Your task
Copy the data exactly. Images are to be left out.

Data provided
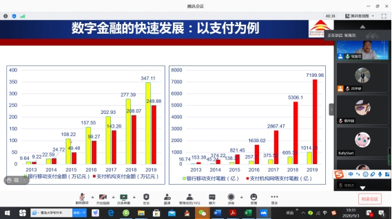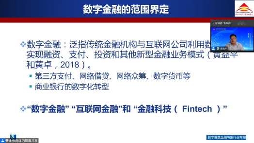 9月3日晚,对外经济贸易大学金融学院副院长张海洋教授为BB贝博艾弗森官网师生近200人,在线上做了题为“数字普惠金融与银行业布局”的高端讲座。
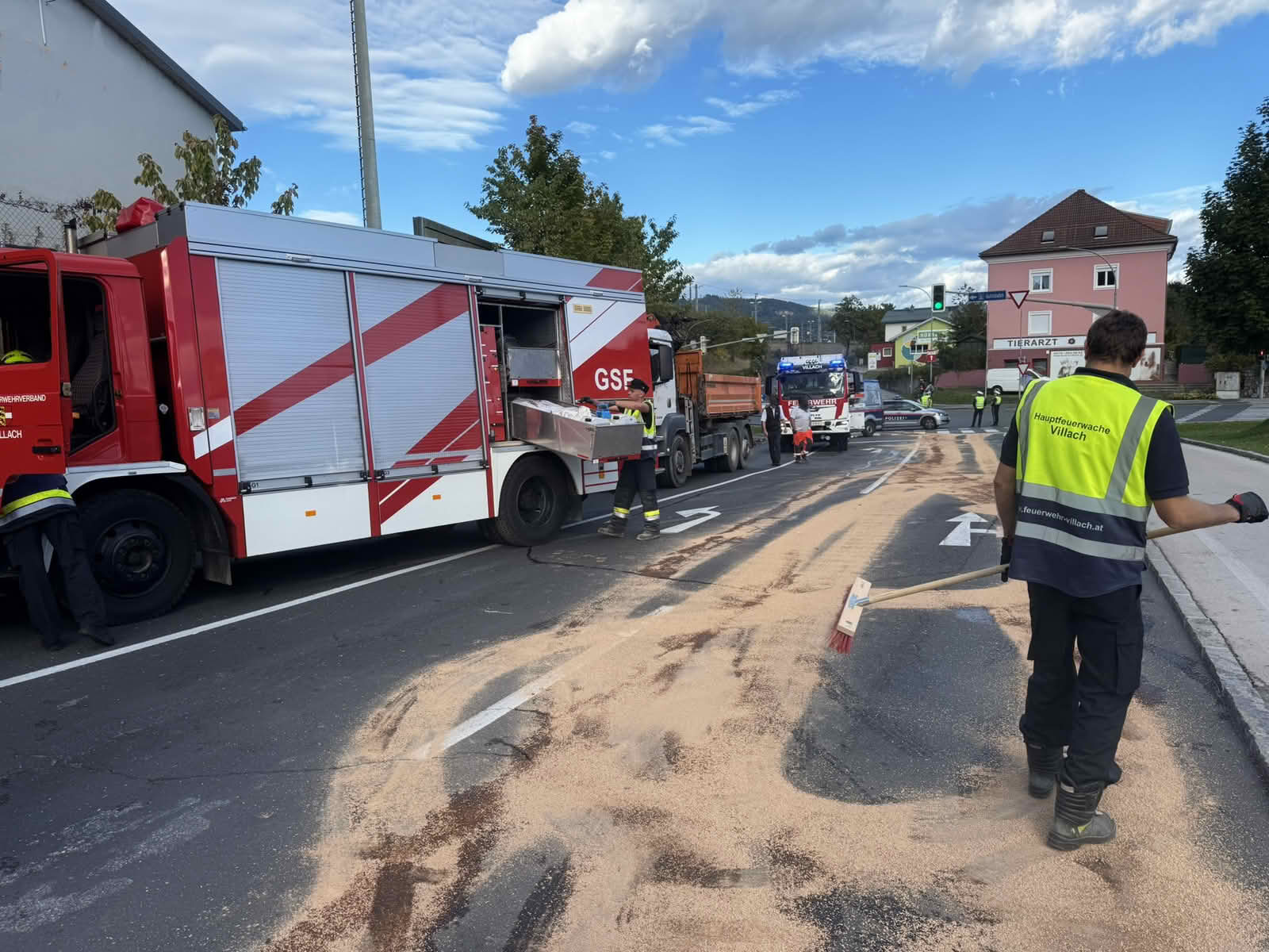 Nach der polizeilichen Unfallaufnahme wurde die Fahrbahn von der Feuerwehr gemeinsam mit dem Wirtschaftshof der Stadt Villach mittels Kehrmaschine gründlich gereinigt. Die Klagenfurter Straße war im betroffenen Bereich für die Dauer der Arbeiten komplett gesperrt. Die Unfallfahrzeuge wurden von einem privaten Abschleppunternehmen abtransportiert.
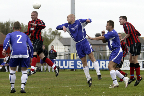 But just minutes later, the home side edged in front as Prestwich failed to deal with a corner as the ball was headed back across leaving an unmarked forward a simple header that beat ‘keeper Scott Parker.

Solution
 9月3日晚,对外经济贸易大学金融学院副院长张海洋教授为BB贝博艾弗森官网师生近200人,在线上做了题为“数字普惠金融与银行业布局”的高端讲座。
 Nach der polizeilichen Unfallaufnahme wurde die Fahrbahn von der Feuerwehr gemeinsam mit dem Wirtschaftshof der Stadt Villach mittels Kehrmaschine gründlich gereinigt. Die Klagenfurter Straße war im betroffenen Bereich für die Dauer der Arbeiten komplett gesperrt. Die Unfallfahrzeuge wurden von einem privaten Abschleppunternehmen abtransportiert.
 But just minutes later, the home side edged in front as Prestwich failed to deal with a corner as the ball was headed back across leaving an unmarked forward a simple header that beat ‘keeper Scott Parker.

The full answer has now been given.